A former campaign adviser to U.S. Sen. Marco Rubio regrets having worked for him, saying in a recent interview that his time on Rubio's payroll was "one of the monumental disappointments" of his life.
Author, historian and foreign policy analyst Max Boot sat down for an interview on PBS last week to talk about changes to the Republican Party — changes, he said, representing "an existential threat to democracy."
Boot, who served as foreign policy adviser during the presidential campaigns of Rubio, John McCain and Mitt Romney, lamented events that have occurred over the past year, including former President Donald Trump's "unprecedented" refusal to accept defeat in the 2020 Election and the Jan. 6 riot at the U.S. Capitol.
"You would think after Donald Trump had shown that he was willing to destroy American democracy in order to stay in office, you would think that at that point the Republican Party would disassociate itself from Donald Trump, but of course that is not what has happened in the many months since then," he told Amanpour & Co. host Walter Isaacson during an Oct. 22 video interview (viewable below). "Instead, those who question or criticize Donald Trump are being driven out of the party."
Booth pointed to U.S. Rep. Liz Cheney's ouster from her leadership post in May, which came after she'd rejected for months Trump's claim that the election had been stolen and supported an investigation into the Jan. 6 insurrection.
"That places her in a distinct, very small minority within the Republican Party, because the rest of the Republican Party has basically gone along with Donald Trump," he said, citing a recent poll that found nearly 80% of the GOP want to see Trump run again in 2024.
Boot and Isaacson moved onto other subjects, including Boot's horror at the Republican Party embracing conspiracy theories and his relatively new status as a single-issue voter — he's vowed to vote only for candidates who reject authoritarianism, which "in practice means voting for Democrats because unfortunately, at this time, we can't count on Republicans to uphold our democracy" — before landing on the subject of Rubio, whom he advised in the 2016 presidential Primary.

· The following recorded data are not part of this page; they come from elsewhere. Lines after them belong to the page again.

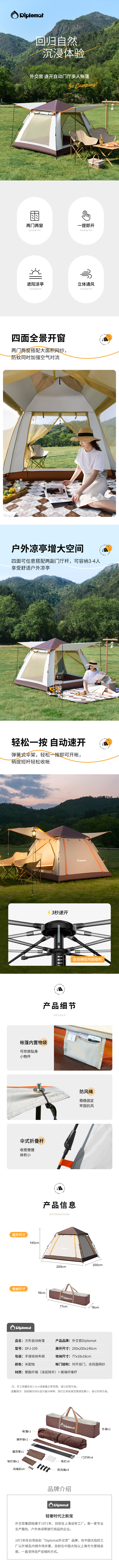 外交官DFJ-109方形自动帐篷-米配咖(3-4人)
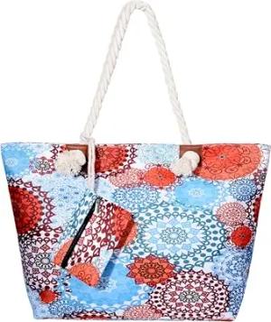 by Descanso Strandtasche Bunte Motive Tasche Umhängetasche mit Reißverschluss aus Baumwolle, Farbe:Rot
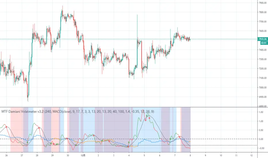 使い方は、Damiani Volatmeterが0を超えた時に、緑ならLONG、赤ならSHORTと想定しています
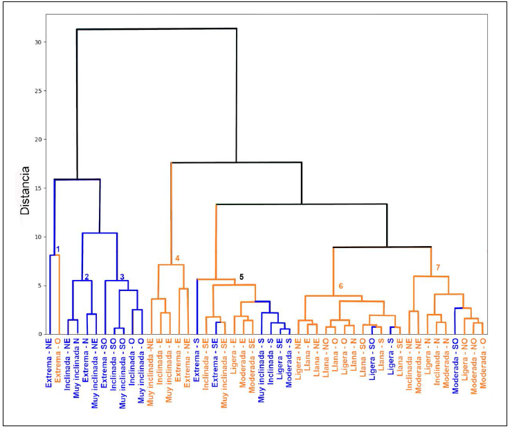 Figura 7 Dendrograma de las 48 categorías combinadas de pendiente y orientación, agrupadas según variables ambientales (Temperatura, SMI, Radiación y NDVI). El color de las categorías destaca el tipo de cambio predominante: en azul, transición de cobertura forestal a pastizal; en naranja, de pastizal a forestal. Cada grupo está marcado con un número (generado automáticamente por el análisis), cuyo color refleja la tendencia principal de ese cluster. En casos como el grupo 5 (negro), el color neutro indica ausencia de una dirección de cambio clara. Las líneas del dendrograma también siguen el patrón de color.
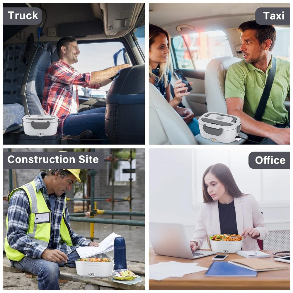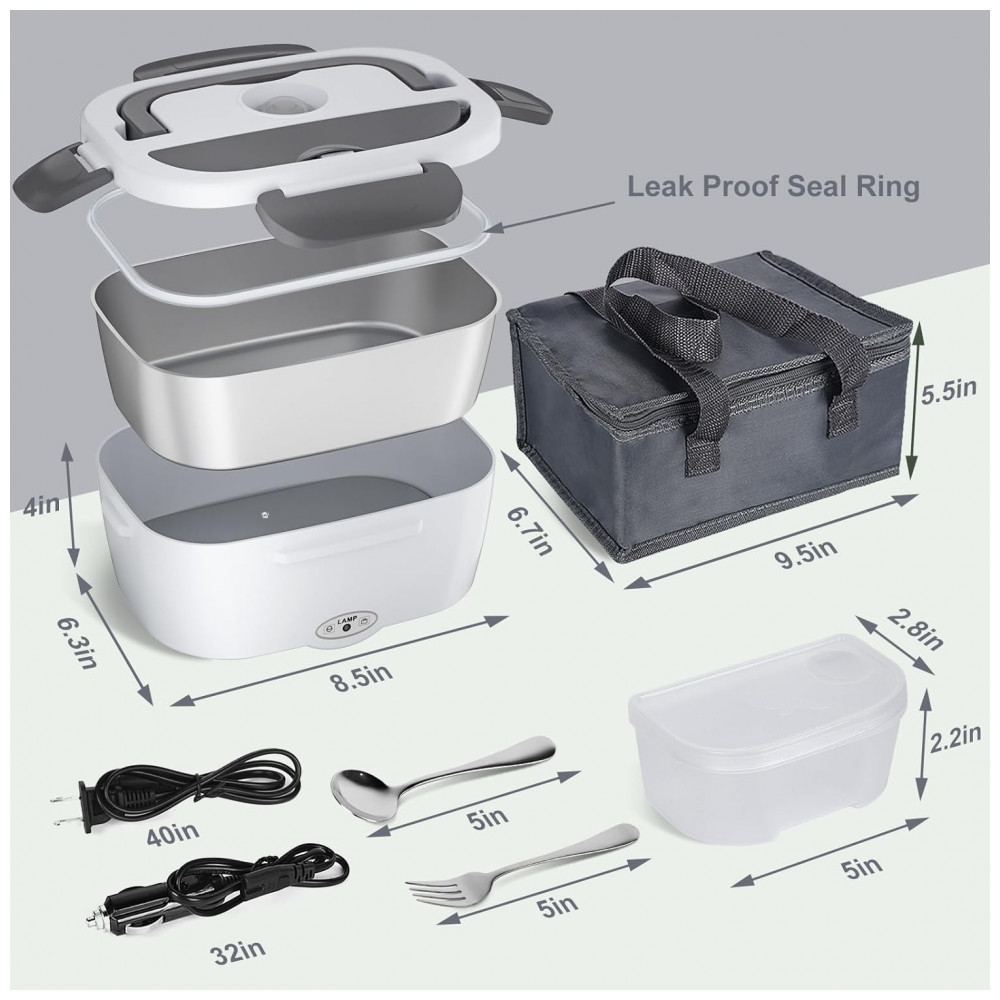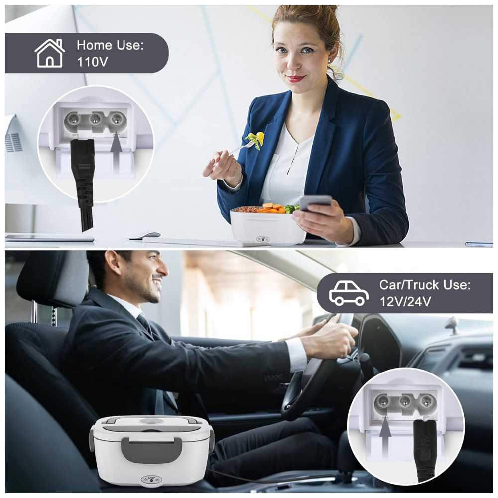 2 em 1 carro e uso doméstico lancheira de aquecimento elétrico contém dois plugues diferentes um para trabalho, casa 110 v, um para carro, caminhão 12 v, 24 v. Pessoas que estão na estrada para almoçar ou sem acesso a micro ondas, como motorista de caminhão, , funcionário de escritório, podem desfrutar de comida caseira quente no carro, escritório.
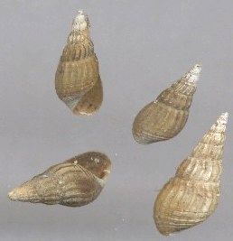 Adult, front and back, and immature individuals, more magnified. Unknown Thiara species,
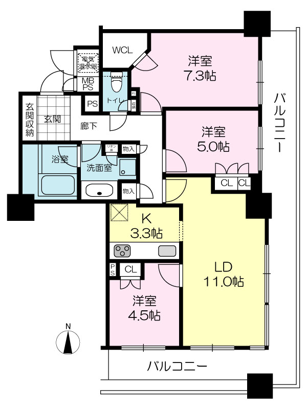 | 間取り | 3LDK( 洋室 7.3・5・4.5 帖 / LDK 14.3 帖 ) | ||

"That's one I regret," said Boot, who hasn't been shy in the past about bashing his former employer.
Isaacson asked him to elaborate.
"This has been one of the monumental disappointments of my life, (that) a lot of people in the Republican Party that I once believed in have failed the test of Trump," Boot said. "They have failed the character test of Trump, including folks like (former Romney running mate and Speaker of the House) Paul Ryan, but also certainly Marco Rubio, who I thought stood for something better in 2015 and 2016, and I remember when I was cheering him on when he was saying there was no way somebody like Donald Trump should be allowed to get his hands on our nuclear weapons. He was saying that Donald Trump is unqualified, unfit to be President, and I applauded that, so I was shocked when he endorsed Donald Trump.
"And now he's become more Trumpy over time, and he actually is emulating Trump and a lot of his cheap-shot attacks on the media. Basically, I just think that he sees it as to his political advantage to be Trump's lickspittle, which is probably true in Florida and certainly true in Republican politics. But it's disappointing to see."
Romney, conversely, passed the "Trump test" by rejecting the former President's style of politics and voting twice to impeach him, said Boot, now a columnist for the Washington Post covering national security.
"Mitt Romney still represents the best of the Republican Party," he said. "Unfortunately, Marco Rubio represents the worst."